May 5 marks the bicentenary of the birth of Karl Marx. Last year, on the occasion of the 150th anniversary of Marx’s Capital/Das Kapital, I wrote about Marx’s extensive history with the British Library and speculated about how he would fit in with today’s Gig Economy, including where he would physically work and research (home/library/Starbucks/coworking; or perhaps a combination of all).

We can extend that line of thought to how a 21st century Marx would approach his own intellectual property, and what would go into the creation of its output. In an article in the March 10/11 issue of the Financial Times, Rupert Younger and Frank Partnoy ask a compelling question: “What Would Marx Write Today?” The article describes their highly ambitious edit/rewrite of Marx and Friedrich Engels’ 1848 The Communist Manifesto, as The Activist Manifesto.
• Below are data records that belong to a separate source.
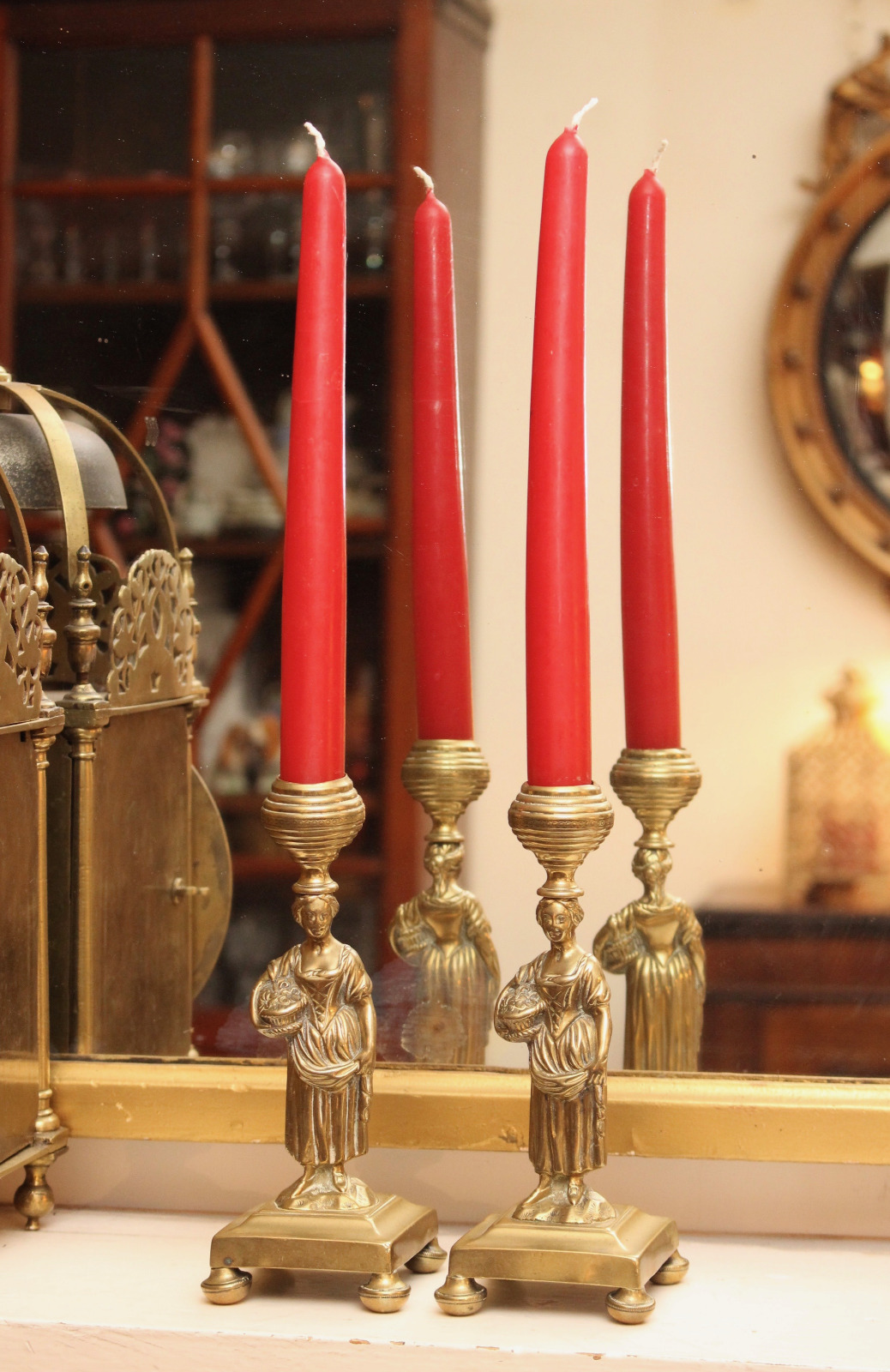 Good Pair of Antique 19th Century Caryatid Candlesticks, Flower Basket Figures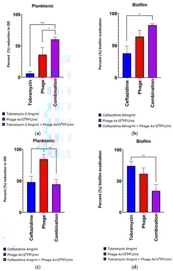Here, we wished to explore the efficacy of a 4-phage cocktail that has been used in several preclinical studies and for compassionate use [,,,] against Pa isolates from CF airway samples. We used two common anti-Pseudomonal antibiotics: ceftazidime and tobramycin. In the first experiments, we use a high-concentration combination of these two agents and assess the extra biofilm reduction with the addition of phage in 16 different Pa clinical strains. In the subsequent experiments, we investigate the effects of subinhibitory concentrations of phage cocktail along with subinhibitory concentrations of ceftazidime and tobramycin individually, in both biofilm and planktonic culture for 10 different strains.
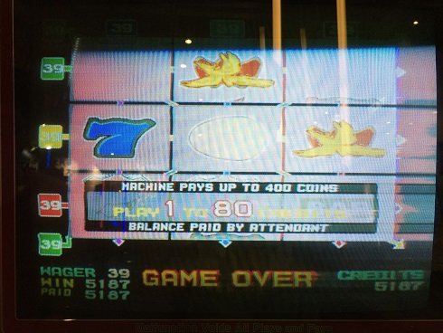前回もやったけど、今回もやりました。2人プレイ。2人プレイの長所はメダルを素早く入れることができるのでゴールドメダルがなくともハイベットプレイがしやすいこと。というわけで39BETで友人とプレイ。といっても減る時はかなり減るので慎重にプレイ。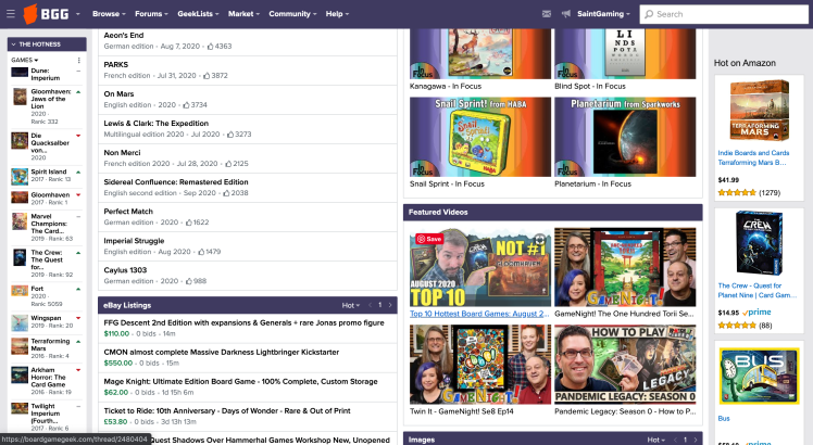 When you’re not shopping for a specific game, you can still get help with finding some games to consider by signing up for the free membership offered by each site and utilizing their forums. You can create forum posts and ask questions. For example, let’s say you love Champion of Midgard by Grey Fox Games and are looking to find another worker placement game that has a strong theme but maybe is a mid-weight game this time. You can just ask on the forum for recommendations. There are probably other players who have had similar questions so you may even be able to find an existing forum thread with existing recommendations. Both websites also feature lists of what are the current popular games that you can check out as well, if you don’t have a specific game in mind.

The website for the book allows you to compare the original text to the new one.

In Section II, ‘Have-Nots and Activists,’ Younger-Partnoy’s point 7 is: “Provide security and protect private property, including intellectual property.” In the FT article, Younger-Partnoy write that “…we think a modern Marx and Engels would be less philosophically minded and more focused on dramatic changes in technology. They would probably have disparaged inequalities arising from modern technologies, just as they bemoaned the effects of 19th-century manufacturing, commerce and navigation. We also think they would have been open to the protection of intellectual property rights and would have favoured more equal distribution of high-speed connectivity.”

This would have direct applicability to Marx (and Engels, for that matter) as a knowledge worker in 21st century London, or elsewhere. His intellectual property is presumably highly valuable, and if he were actively writing today, someone would have to control/share in those rights, worldwide and in many languages. He’d also have to decide how to promote himself, his ideas, and his creative output. He would be under pressure to have a platform: website, blog, books, op-eds and other articles, podcasts, videos, TV appearances, webinars and public speaking.

The Germany-based international broadcaster Deutsche Welle (DW) reports in “Marx directs traffic in hometown on 200th birthday,” that in Marx’s home town of Trier, Germany, he now has his own traffic light. The Guardian recently ran a preview of many bicentenary events and publications, “Marx bicentenary to be marked by exhibitions, books – and pub crawls.” If you’re in Manchester, England next month, you can join one of the Manchester Walks, starting at the Friedrich Engels statue, to “follow in the Manchester footsteps of Karl Marx, the man who created a political philosophy that dominated half the world during the 20th century on his 200th birthday, 5 May 2018.” On May 2, Gresham College, in London, presents Karl Marx-200 Years On, by professor Gareth Stedman Jones, of Queen Mary University London, author of 2016’s Karl Marx: Greatness and Illusion.

In the United States, there was recently a “Karl Marx at 200” panel discussion at the University of Texas at Austin, and Illinois State University presented “Karl Marx in America: A seminar with Professor of History Andrew Hartman.” In Pittsburgh, the Humanities Center at Carnegie Mellon University has several more activities remaining in “Marx@200,” a series that began in January.

I’ve previously written that Tom Butler-Bowdon, in his recent 50 Economic Classics, wrote about Marx’s Capital. In Tom’s 2015 book 50 Politics Classics, he covers The Communist Manifesto. Marx plays a major role in Paul Mason’s book of the same year, Postcapitalism: A Guide to Our Future. If you’d like a brief primer on how Marx worked each day, consult Mason Currey’s Daily Rituals: How Artists Work. Currey quotes Marx in 1859 as follows: “I must pursue my goal through thick and thin and I must not allow bourgeois society to turn me into a money-making machine.” Yet through sheer accumulation of publications in more than 150 years since then, that fate has unfolded. A 21st century Marx would have to figure out the meaning, importance, and applicability of the role of intellectual property in how that money-making machine works.